From knossos to killarney – what about historic building reconstruction?
I recently visited the Temple of Knossos in Crete to see the remains of what was possibly the first city in Europe created by the Minoan civilization c.3000-1000 BC. The city was forgotten after it was abandoned but featured in Greek mythology until it was excavated in 1878 by Sir Arthur Evans who enthusiastically reconstructed fragmentary elements of the palace in brightly-painted reinforced concrete to conjectural design detail.
Another recent visit to Killarney (moving ahead some 3200 years later in history) led me to Ross Castle, a reconstructed 15th century Irish tower house. Medieval construction was re-created by contemporary tradesmen who had to learn ancient building techniques such as a wicker-shuttered limecrete ceiling vaulting. The story goes that an American benefactor sponsored the state for the badly needed work to the castle on the condition that its interior be reconstructed.

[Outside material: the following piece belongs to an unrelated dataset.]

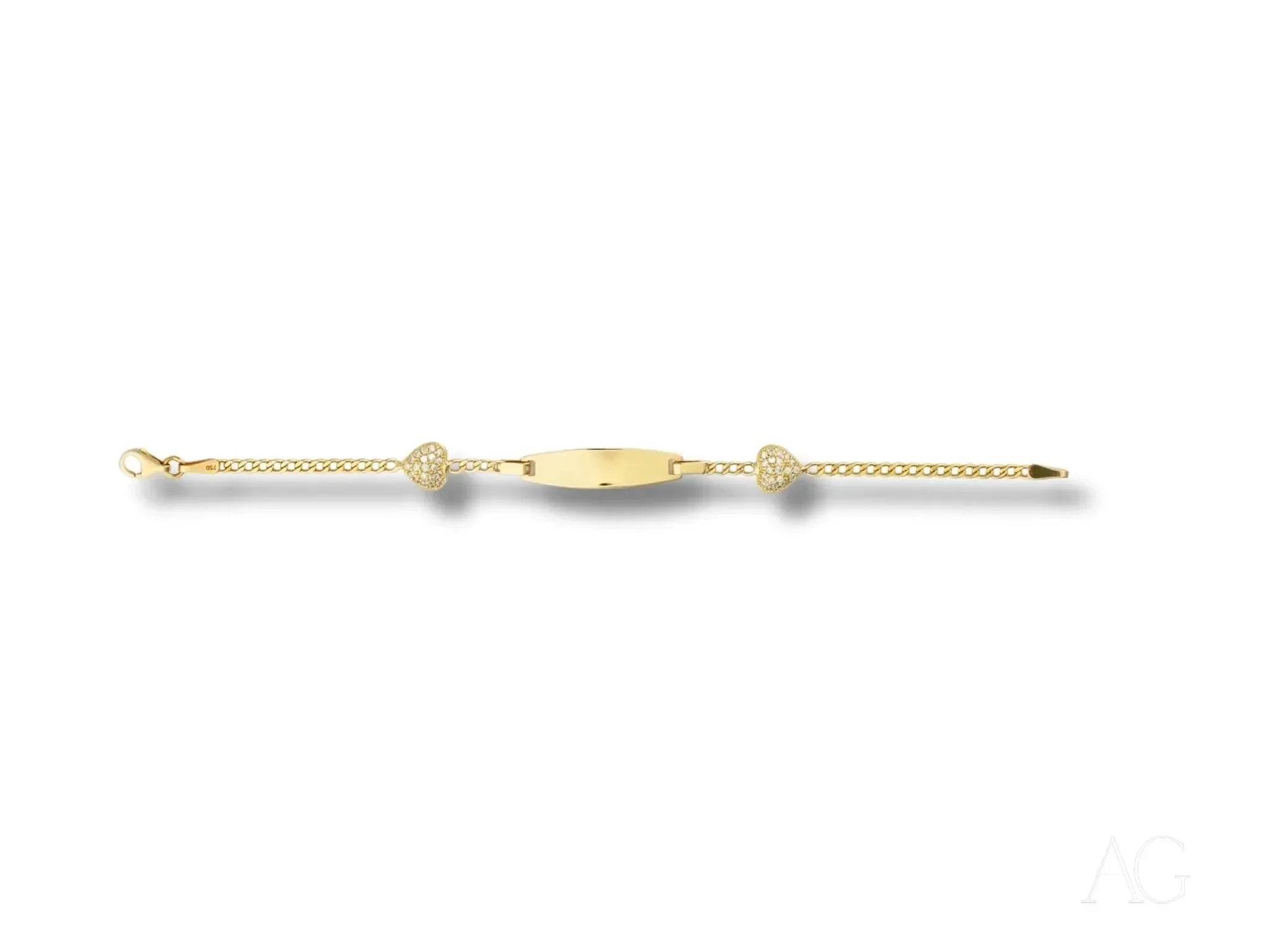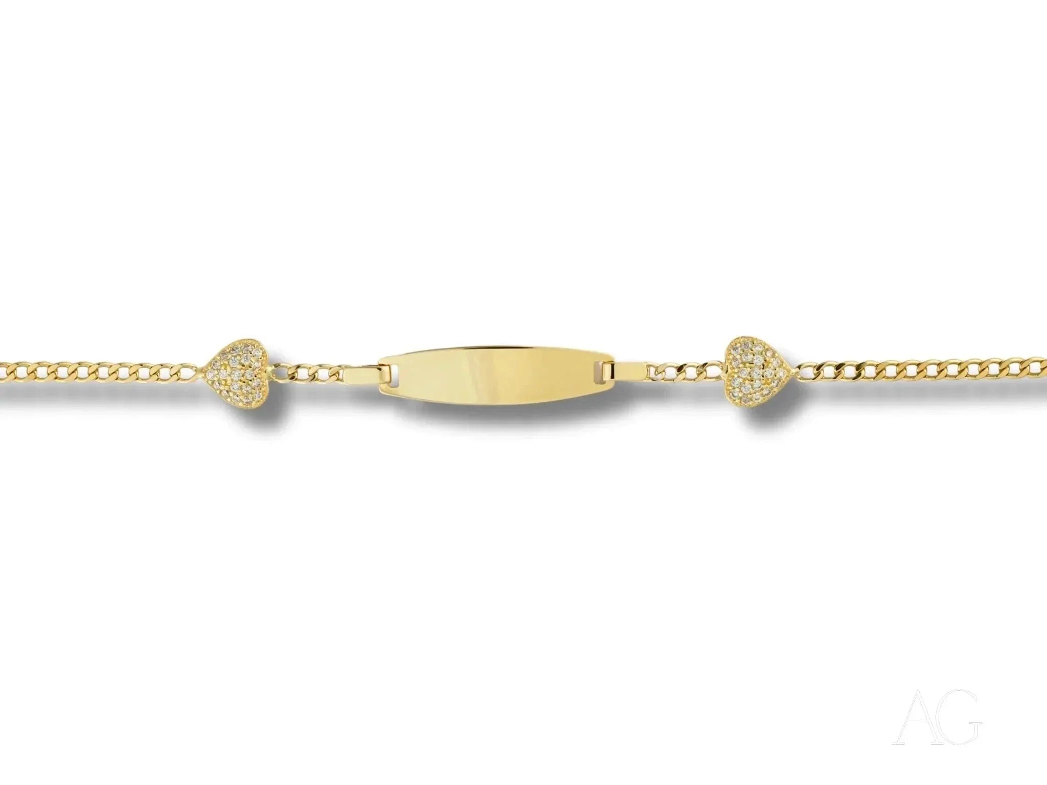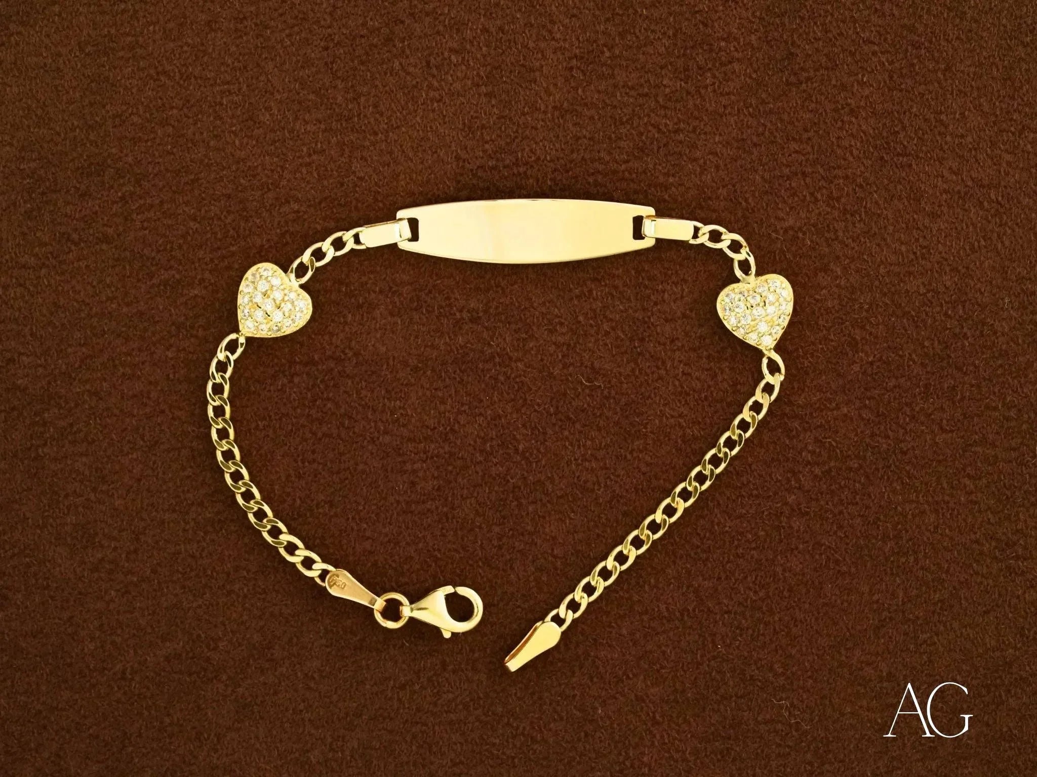 Customizable ID Plate: Engrave a name, initials, a special date, or even a sweet message on the ID plate to create a truly unique and personalized art gold jewelry piece that tells your child's story. This feature transforms the bracelet into a cherished memento, capturing a precious moment in time.Heart Motifs with CZ: The heart motifs, symbols of love and affection, are embellished with brilliant cubic zirconia stones, adding a touch of sparkle and elegance that elevates this personalized ID bracelet beyond the ordinary.Secure Spring Ring Lock: The robust spring ring lock ensures the bracelet stays securely fastened, allowing children to play freely without worry. This reliable closure provides parents with added peace of mind, knowing their child's precious jewelry is safe and sound.Durable and Comfortable: Crafted from luxurious 18k gold, this art gold jewelry piece is designed for both durability and comfort. The high-quality gold ensures long-lasting wear, making it a piece your child can cherish for years to come. Hypoallergenic properties make it suitable for even the most sensitive skin.

Above: Ross Castle, Killarney
Reconstruction has always been controversial. The Venice Charter (1964) states that “all reconstruction work should..be ruled out”. The revised Burra Charter (1999) more leniently notes that “Reconstruction is appropriate only where a place is incomplete through damage or alteration, and only where there is sufficient evidence to reproduce an earlier state of the fabric.”
Despite the international guidance against the practice of reconstruction, the popularity and local importance of these (and other international) sites is evident in terms of local visitors numbers. At Knossos, Evans’ approach is today deemed to be misguided, but the reconstruction of the sophisticated design of the early bronze-age building is visually arresting and features prominently on any Cretan tourism literature: it is hard to deny that a day out at the ruins and city museum is anything but enjoyable and interesting.
This is not to justify reconstruction by pure weight of tourist numbers. The 19th century fresco of Ecce Homo in the Misericordia Sanctuary in Borja, Spain in recent years has seen an increase in visitor numbers to the town from 6000 to 57000 following international media attention of the botched overpainting of the greco by an enthusiastic parishioner in 2012.
Above: Overpainting of Ecce Homo in the Misericordia Sanctuary in Borja
Buildings that have national symbolic value may have deserved reconstruction – for example the GPO in O’Connell St., Dublin which was reconstructed by the Irish Free State with only the front façade retained. Warsaw which was 90% destroyed during the second world war was reconstructed (not as it looked in 1939 however, but as it looked during it’s “golden age” of the late 18th century). The symbolism of the reconstruction was more relevant to the cities occupants than the philosophical viewpoint – they wanted their city back. Similarly, Syria’s director of antiquities has vowed to reconstruct the ancient city of Palmyra followings it’s recent destruction by Isis. Interestingly, the site was recorded by means of 3D scanning immediately before the advance of Isis in anticipation of its demise.
Above: Post WWII reconstruction of 18th century Warsaw
Reconstruction may also have a research function or a role in the preservation of the site from the elements or future development.
The case against reconstruction includes arguments relating to the authenticity of ruins versus the difficulty of achieving authenticity in the reconstructed works which will be influenced by the times they are built in (Evans’ colour scheme at Knossos was apparently influenced by fashionable Art Deco schemes at the turn of the century). Original building fabric may be destroyed or it’s interpretation made more difficult by the addition of reconstructed elements.
The monuments and buildings of a country or culture form part of their identity. When they are suddenly lost through war or disaster, there is a natural desire for the society to reinstate what they have lost. This is at odds with modern conservation philosophy (although apparently less so a century ago) and inevitably leads to intense debate. Should a society be able to accept events that lead to the loss of historic buildings and move forward or should buildings in certain circumstances be allowed rise from the ashes to restore a sense of place and identity? What Arthur Evans did at Knossos in the 19th century can be now seen as inappropriate (but interestingly now forming part of the narrative of the site) – ancient ruins should be left as ancient ruins and possibly re-imagined and visualised with modern virtual reality technology. Perhaps there could be circumstances where well-documented cultural buildings of national importance that are suddenly lost can be reinstated?